How do you study microplastics in a plastic-filled lab?

FLORA LICHTMAN: Hey, it’s Flora, and you’re listening to Science Friday. You have seen the headlines like, we’ve got a spoons worth of plastic in our brains, and microplastics are found in our hearts and our lymph nodes and our bloodstream. It sounds alarming, but the story might be more complicated than it seems.

It turns out that measuring microplastics is really hard to do, because guess what? We’re surrounded by plastics, including the pipettes and Petri dishes and gloves that we use in the lab. Here to tell us more about this challenge and how she’s working to get around it is Dr. Cassandra Rauert, who studies microplastics exposure at the University of Queensland in Australia. Cassie, welcome to Science Friday.
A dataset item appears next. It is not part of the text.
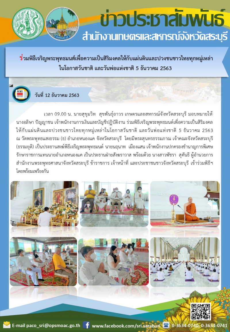 วันที่ 12 ธันวาคม 2563 เวลา 09.00 น. นายสุขุมวิท สุขพันธุ์ถาวร เกษตรและสหกรณ์จังหวัดสระบุรี มอบหมายให้ นางอลิษา ปัญญาชน เจ้าพนักงานการเงินและบัญชีปฏิบัติงาน ร่วมพิธีเจริญพระพุทธมนต์เพื่อความเป็นสิริมงคล ให้กับแผ่นดินและปวงชนชาวไทยทุกหมู่เหล่าในโอกาสวันชาติ และวันพ่อแห่งชาติ 5 ธันวาคม 2563 ณ วัดพระพุทธแสงธรรม (ธ) อําเภอหนองแค จังหวัดสระบุรี โดยมีพระสุนทรธรรมภาณ เจ้าคณะจังหวัดสระบุรี (ธรรมยุต) เป็นประธานสงฆ์พิธีเจริญพระพุทธมนต์ นายนฤนาท เมืองแสน เจ้าพนักงานปกครองชํานาญการพิเศษ รักษาราชการแทนนายอําเภอหนองแค เป็นประธานฝ่ายสังฆราวาส พร้อมด้วย นางสาวพัชรา สุคันธี ผู้อํานวยการ สํานักงานพระพุทธศาสนาจังหวัดสระบุรี ข้าราชการ เจ้าหน้าที่ และประชาชนชาวจังหวัดสระบุรี เข้าร่วมพิธีฯ โดยพร้อมเพรียงกัน

CASSANDRA RAUERT: Thank you for having me. It’s lovely to be here.

FLORA LICHTMAN: OK, tell us about this problem. Why is microplastic measurement a challenge?

CASSANDRA RAUERT: OK, so there are a lot of challenges. The problems with the microplastics analysis is that the field is so young in terms of the science is so young. So really, we’ve only been looking at plastics in the environment for roughly the last 10 years, plastics in humans for the last four years. So we’re very, very early in the technology and in the development to be able to detect them. And this is really where our research is focused is on how to overcome these challenges.

So one of the biggest challenges we have in the field is background contamination. You covered this really nicely in your introduction. There are plastics everywhere, and there are plastics everywhere in the chemistry lab. But when you are surrounded in an environment that’s full of plastic, these materials can shed particles and then they can get into the sample that you’re analyzing. So it means when we’ve been processing the sample, what we’ve done is accidentally introduced plastic into it that wasn’t there originally.

FLORA LICHTMAN: So it makes the concentrations seem higher than they actually are.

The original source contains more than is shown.